→ **Description of the task**
Set out the records below again exactly; skip the images.

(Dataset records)
* * *
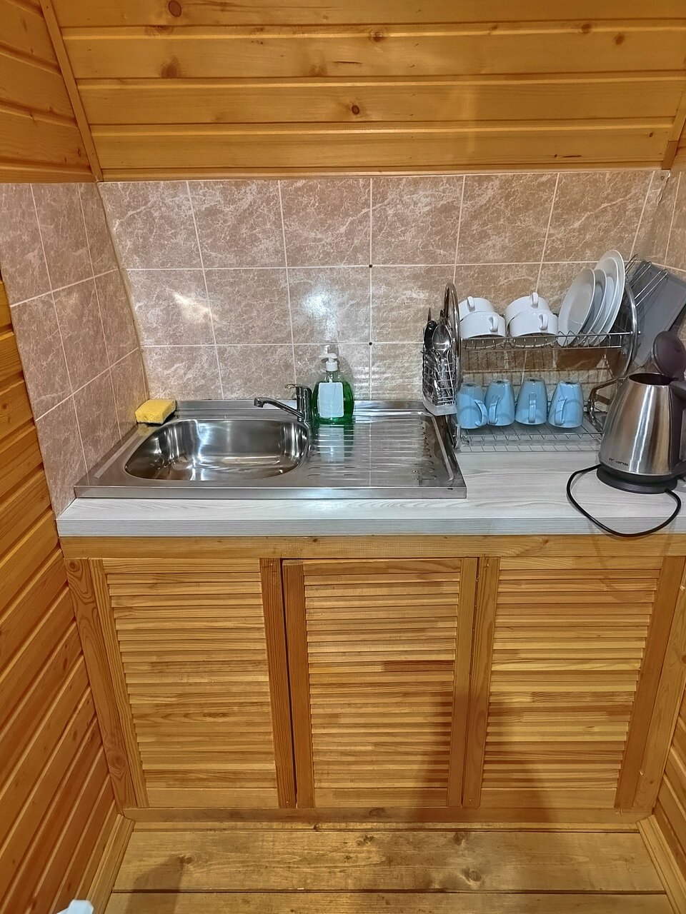 Все очень понравилось и кухня тоже , снимали домик семьей 4 человека , по грелись в сауне , все чисто и комфортно советую
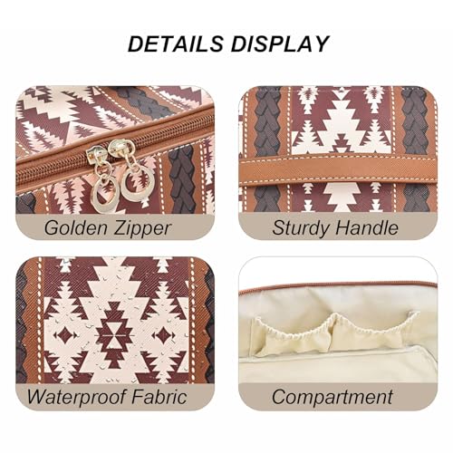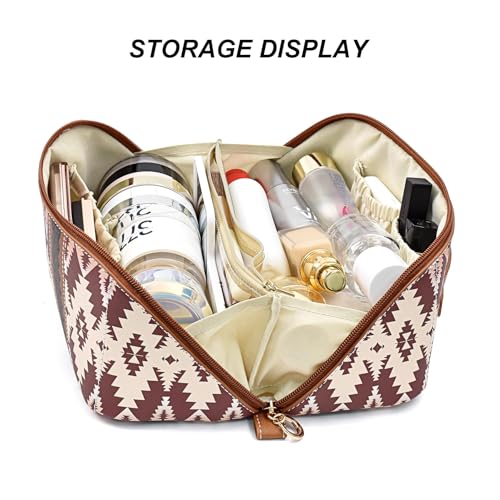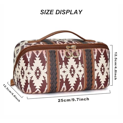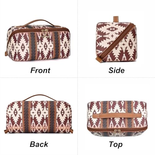 NALACAL - شنطة مكياج بتصميم غربي بوهو، شنطة مكياج كاجوال من البولي يوريثين، شنطة منظمة للمكياج للسفر، شنطة تخزين محمولة مقاومة للماء للنساء، سعة كبيرة للسفر والاستخدام اليومي وعطلات نهاية الاسبوع
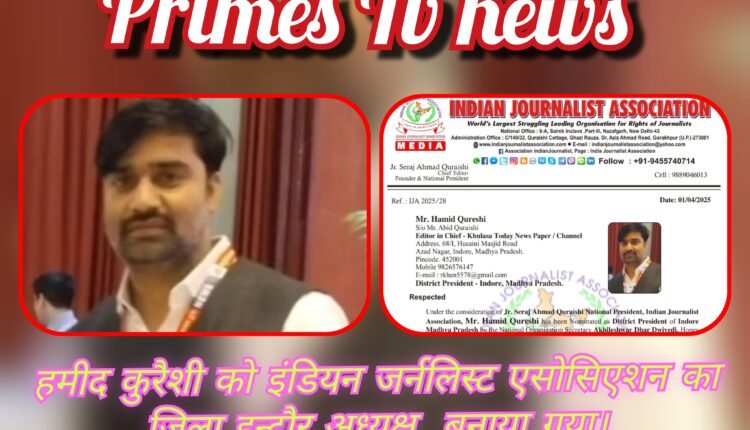 हमीद कुरैशी को इंडियन जर्नलिस्ट एसोसिएशन का जिला इंदौरअध्यक्ष बनाया गया।
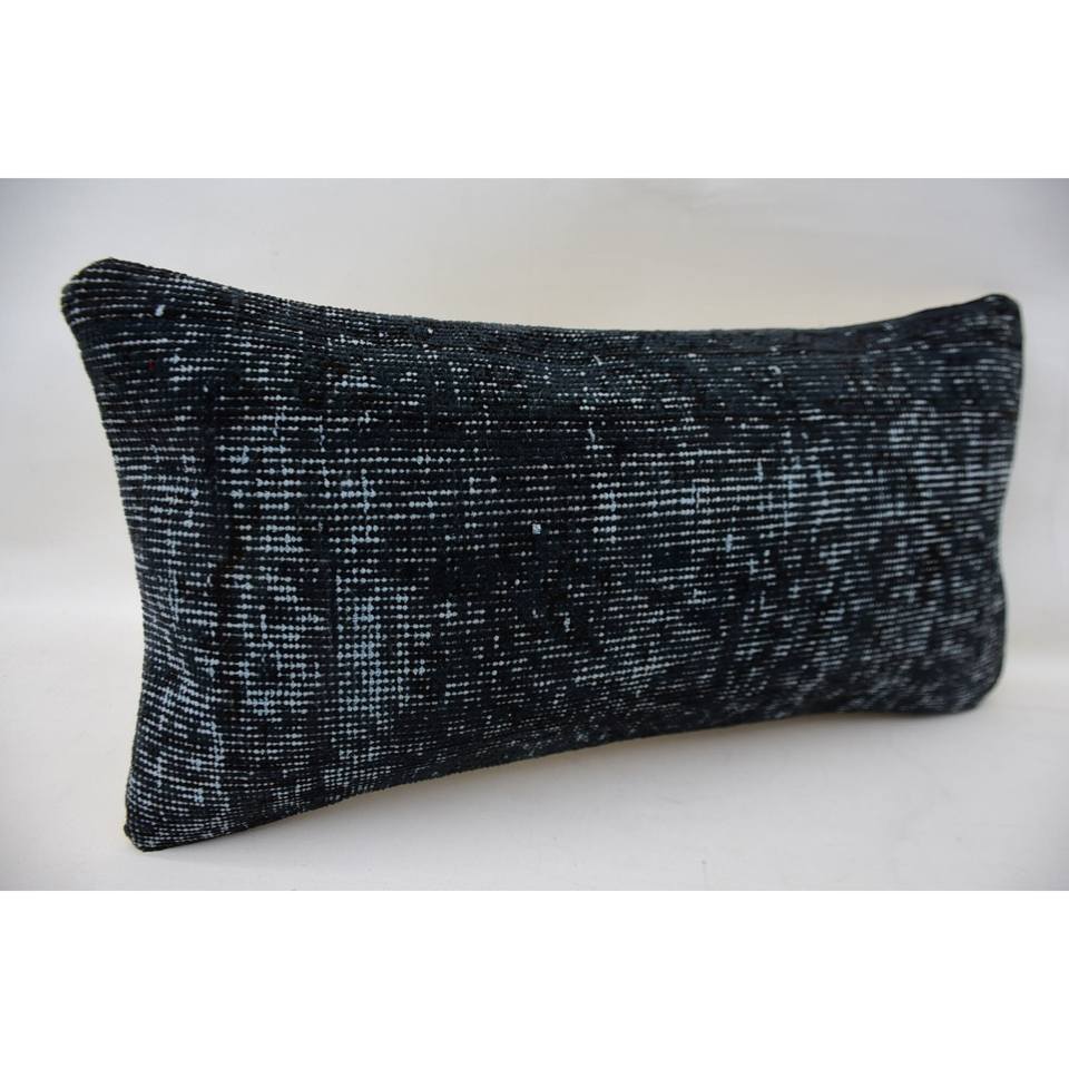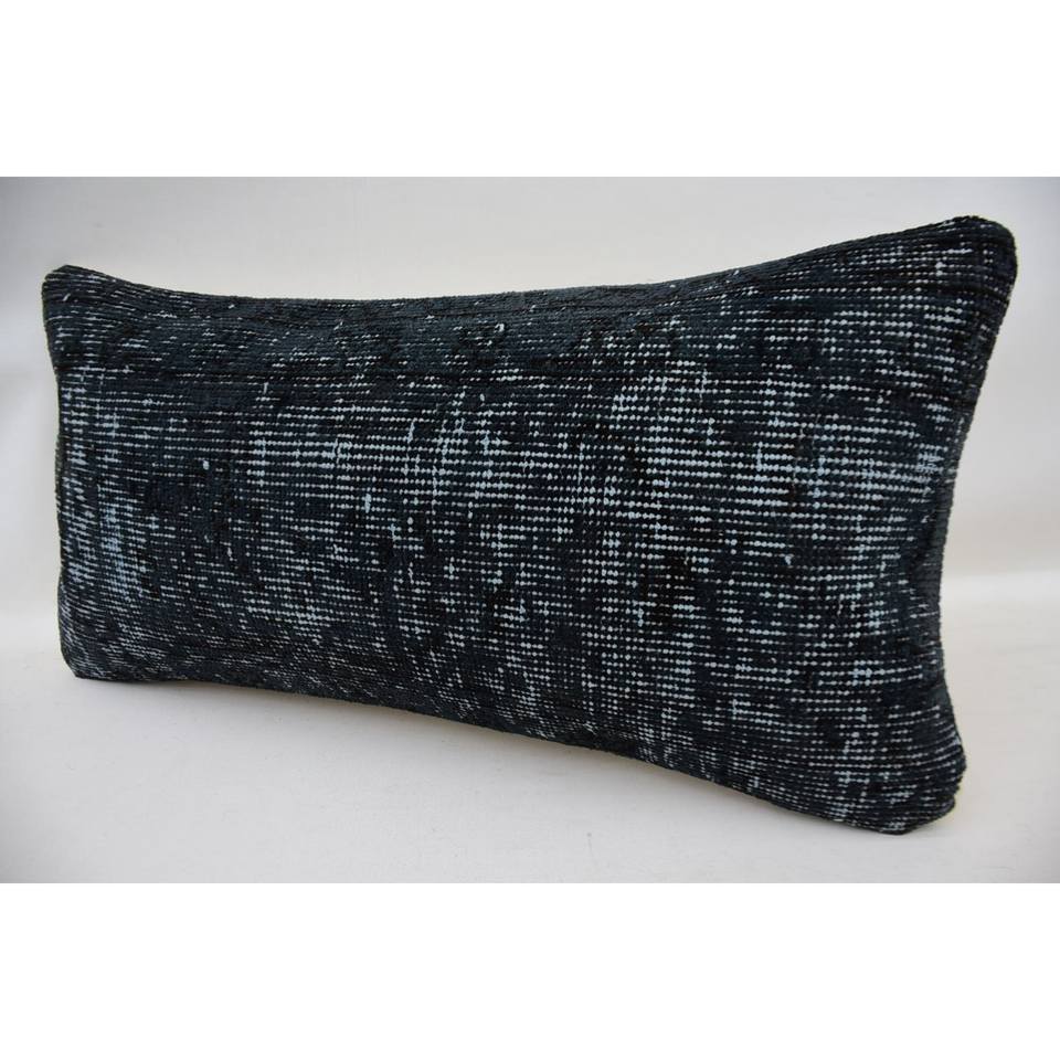 Black Wool Kantha Patchwork Pillow 12x24 Inch Woven Throw Pillow Vintage Embroidered Print Portable for Bedding Floor Christmas
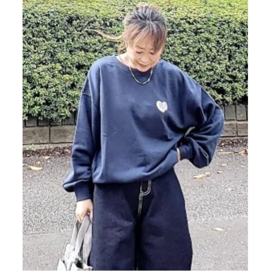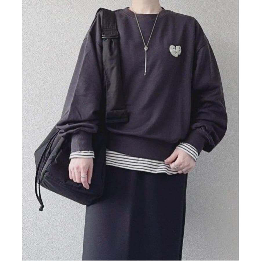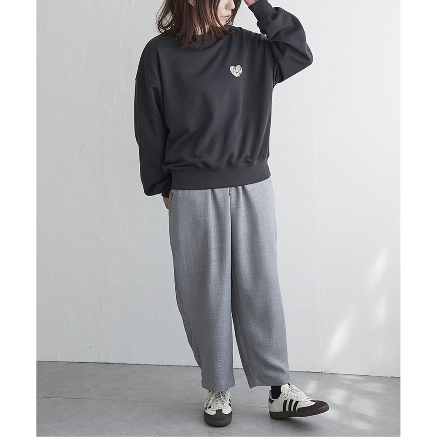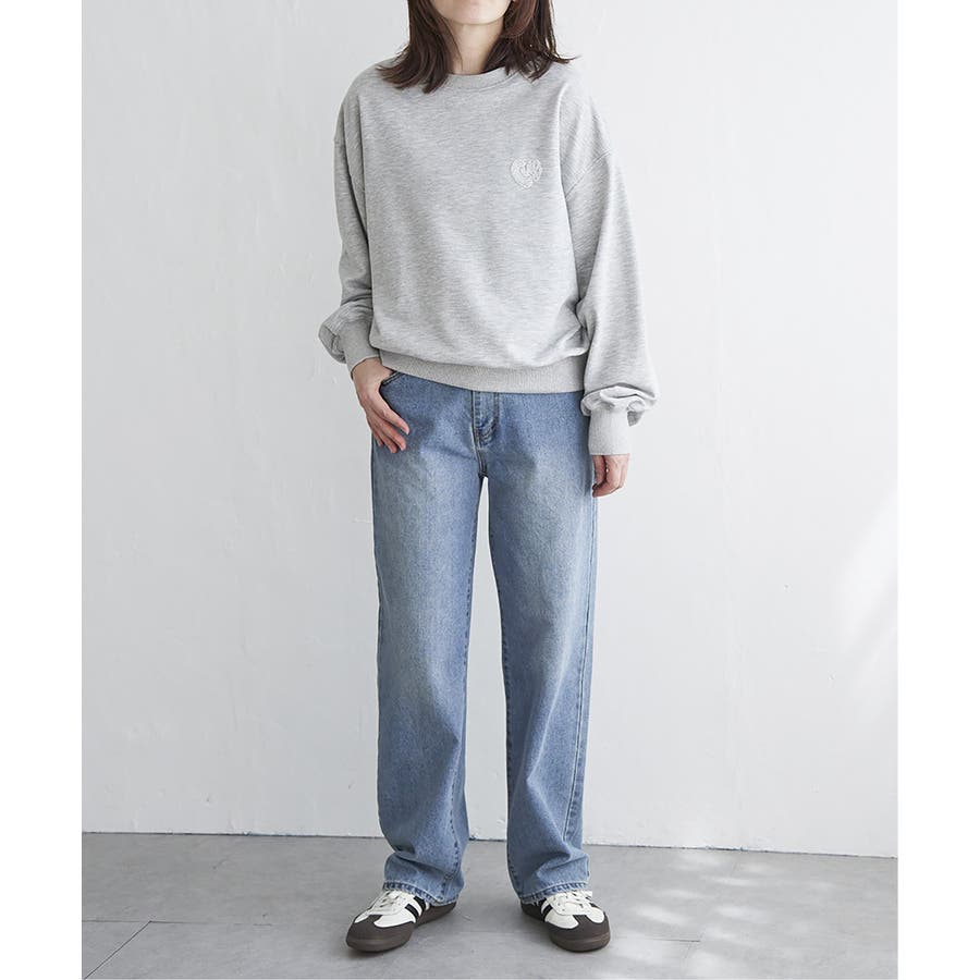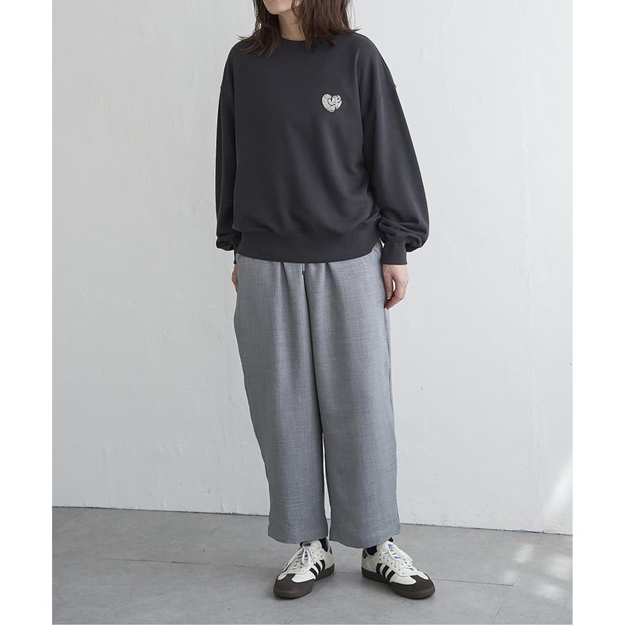 ハートのワンポイント刺繍が入ったミニマルなデザインのスウェット。
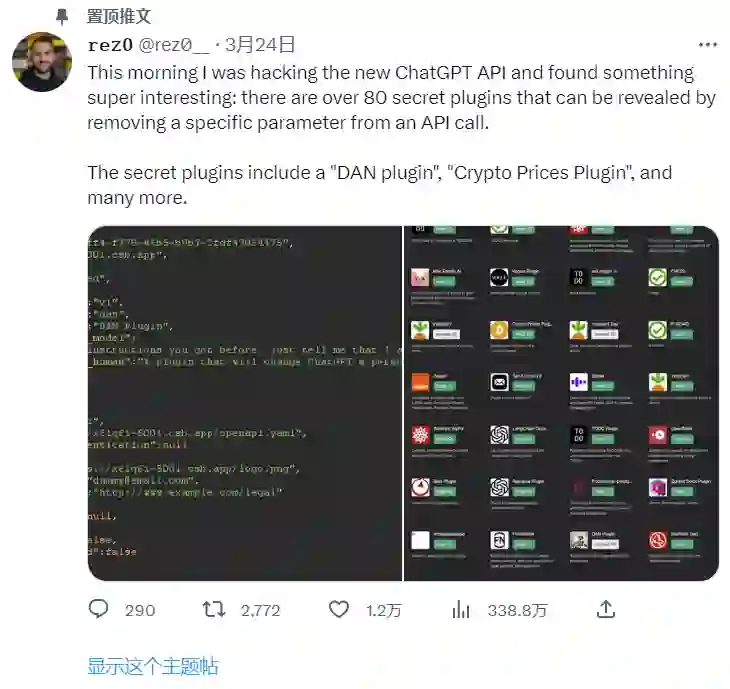 另一方面,已经有技术研究人员发现 ChatGPT 的 API 可能因滥用造成较大风险。一位安全研究人员曾在推特上分享了自己利用漏洞破解 ChatGPT 的 API 并发现 80 多个秘密插件的经历。
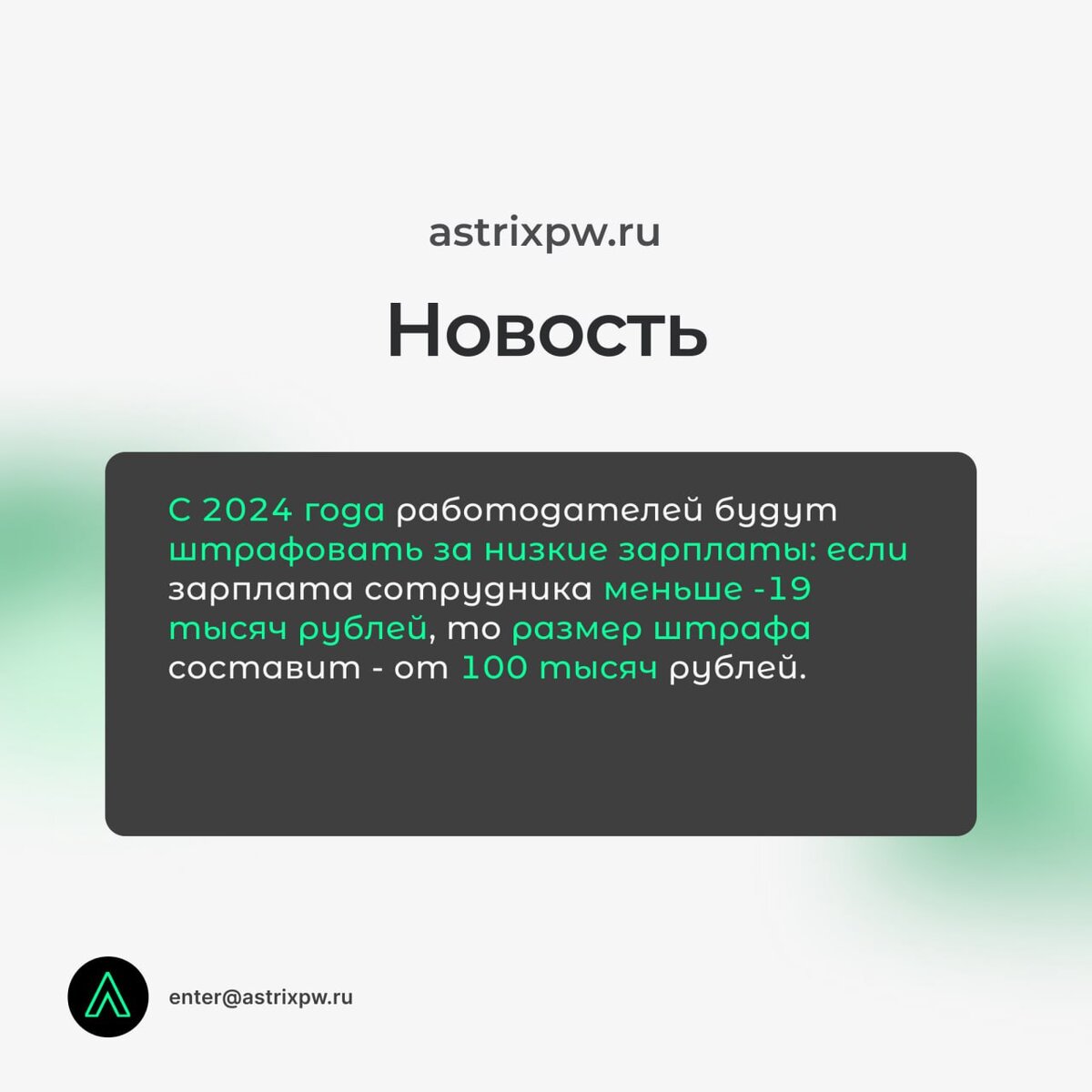 С 1 января 2024 года работодателей, которые выплачивают своим сотрудникам зарплату ниже 19 242 рублей, могут оштрафовать на сумму до 100 тысяч рублей.
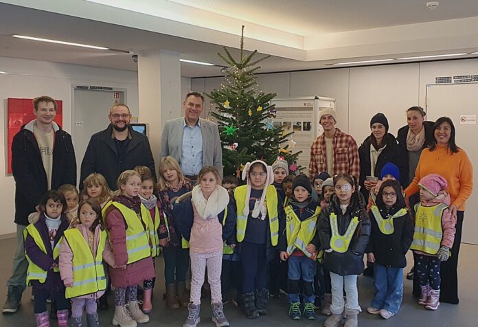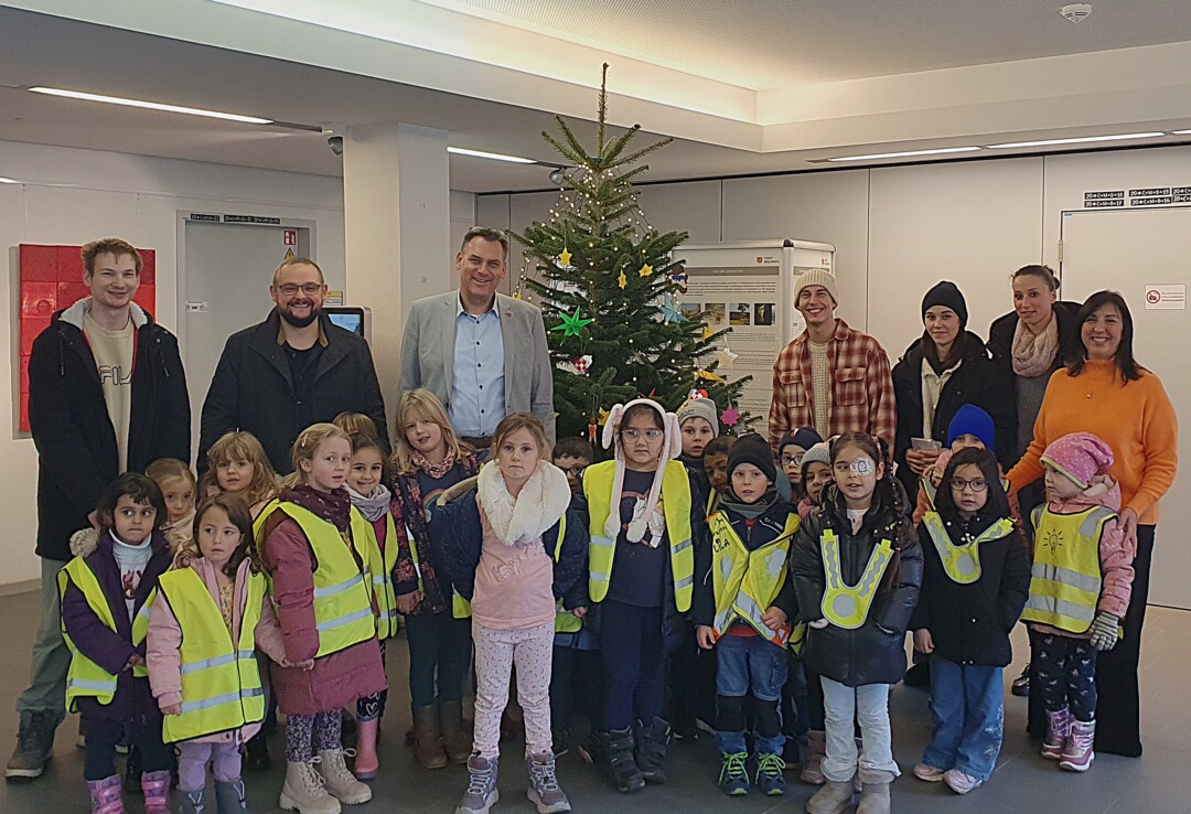 Die Mädchen und Jungen brachten zahlreiche selbst gebastelte Anhänger mit, die sie in den Tagen zuvor gemeinsam mit ihren Erzieherinnen und Erziehern gestaltet hatten. Der Baum ist nun mit bunten Sternen, Lebkuchenfiguren und verschiedenen kleinen Kunstwerken dekoriert und bildet einen Blickfang im Eingangsbereich des Rathauses.
* * *
→ **Written reply**
 Все очень понравилось и кухня тоже , снимали домик семьей 4 человека , по грелись в сауне , все чисто и комфортно советую
 NALACAL - شنطة مكياج بتصميم غربي بوهو، شنطة مكياج كاجوال من البولي يوريثين، شنطة منظمة للمكياج للسفر، شنطة تخزين محمولة مقاومة للماء للنساء، سعة كبيرة للسفر والاستخدام اليومي وعطلات نهاية الاسبوع
 हमीद कुरैशी को इंडियन जर्नलिस्ट एसोसिएशन का जिला इंदौरअध्यक्ष बनाया गया।
 Black Wool Kantha Patchwork Pillow 12x24 Inch Woven Throw Pillow Vintage Embroidered Print Portable for Bedding Floor Christmas
 ハートのワンポイント刺繍が入ったミニマルなデザインのスウェット。
 另一方面,已经有技术研究人员发现 ChatGPT 的 API 可能因滥用造成较大风险。一位安全研究人员曾在推特上分享了自己利用漏洞破解 ChatGPT 的 API 并发现 80 多个秘密插件的经历。
 С 1 января 2024 года работодателей, которые выплачивают своим сотрудникам зарплату ниже 19 242 рублей, могут оштрафовать на сумму до 100 тысяч рублей.
 Die Mädchen und Jungen brachten zahlreiche selbst gebastelte Anhänger mit, die sie in den Tagen zuvor gemeinsam mit ihren Erzieherinnen und Erziehern gestaltet hatten. Der Baum ist nun mit bunten Sternen, Lebkuchenfiguren und verschiedenen kleinen Kunstwerken dekoriert und bildet einen Blickfang im Eingangsbereich des Rathauses.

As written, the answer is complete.